Он чутко слышал, как свистела в воздухе жердина, как пьяно орали и крякали парни, вот палка щелкнула, словно по горшку, кто‑то крикнул: «Ой ты!» – и крепко заругался.
«Прошка».
Тьма озарилась медлительным блеском молнии. Перед Ибрагимом всплыла из мрака живая куча тел. Вниз лицом валялся Прохор, кулаки парней смачно молотили его по чем попало.
Ибрагим остановился, улыбка скользнула по его лицу.
– Ничего... Пускай... Пырвычка будет... – Но вдруг его ноздри с шумом выбросили воздух: – Геть, геть!! – И звонкая сталь у бедра звякнула по‑строгому: – Кынжал нэ видишь?! Смерти хочешь? Цх! Режь!
Как овцы от кнута, парни молча – прочь, пьяные ноги не знали, куда бежать, и взмокшие спины в страхе чувствовали по рукоять вонзавшийся меж ребер черкесский нож. Парни падали, хрипели, ползли умирать в кусты, сталкиваясь друг с другом лбами. Один бросился в реку, но и там мстящий клинок настиг его: парень завизжал, как поросенок, и забулькал в воде.
А черкес меж тем стоял на месте, добродушно удивляясь трусости гуляк. Потом шагнул к растерявшемуся Прохору, ощупью сгреб его за шиворот, высоко приподнял, как ягненка, и встряхнул:
– Будэшь дэвкам бегать?! Будэшь водку жрать?!
Прохор шипел, плевался.
– Геть! – крикнул Ибрагим и швырнул его на землю.
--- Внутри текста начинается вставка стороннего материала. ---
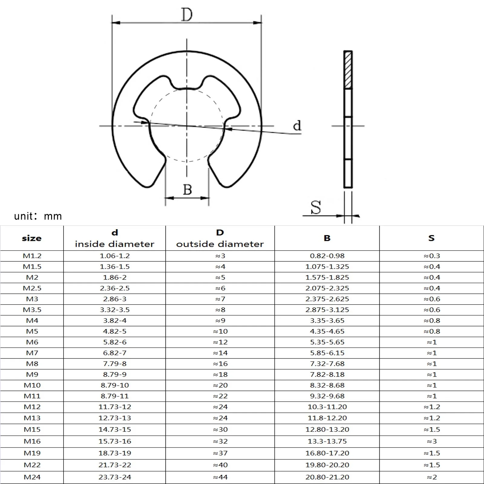 From small e-clips for delicate electronics to larger ones for heavy-duty machinery, our chart covers a wide range of sizes to meet your diverse needs. No more guessing or searching through countless drawers – just consult the chart and find the right size in seconds.

Прохор внезапно протрезвел и вмиг проникся к Ибрагиму уважительным страхом, себя же почувствовал маленьким, несчастным. Он всхлипнул, словно наказанный ребенок, и, виновато съежившись, поплелся домой.
За ним угрюмо, важно шагал черкес. Ему хотелось приласкать Прохора, заглянуть в его глаза, сказать теплое, ободряющее слово.
– Другой раз ребра ломать будэм! Щенка худой! – визгливо крикнул он.
Прохор, пошатываясь, надбавил шаг.
Парни всю ночь до зари буйным табуном ходили по деревне, останавливались возле дома Татьяны, вызывали черкеса на честный кулачный бой.
Поутру Татьяна плакала горько, щеки ее горели от двух звонких пощечин, что влепил отец. Мать, пофыркивая, возилась у печки и растерянно сморкалась в фартук.
А черкес, засучив рукава, усердно скреб кинжалом вымазанные дегтем ворота, смывая с них девичий позор. Татьяна уткнулась лицом в подушку, плечи вздрагивали, катились слезы.
И еще нужно Татьяне плакать много‑много. Прохор Петрович! Прощай!
VII
Погода стояла мрачная, накрапывал дождь, и на душе у Прохора мрачно.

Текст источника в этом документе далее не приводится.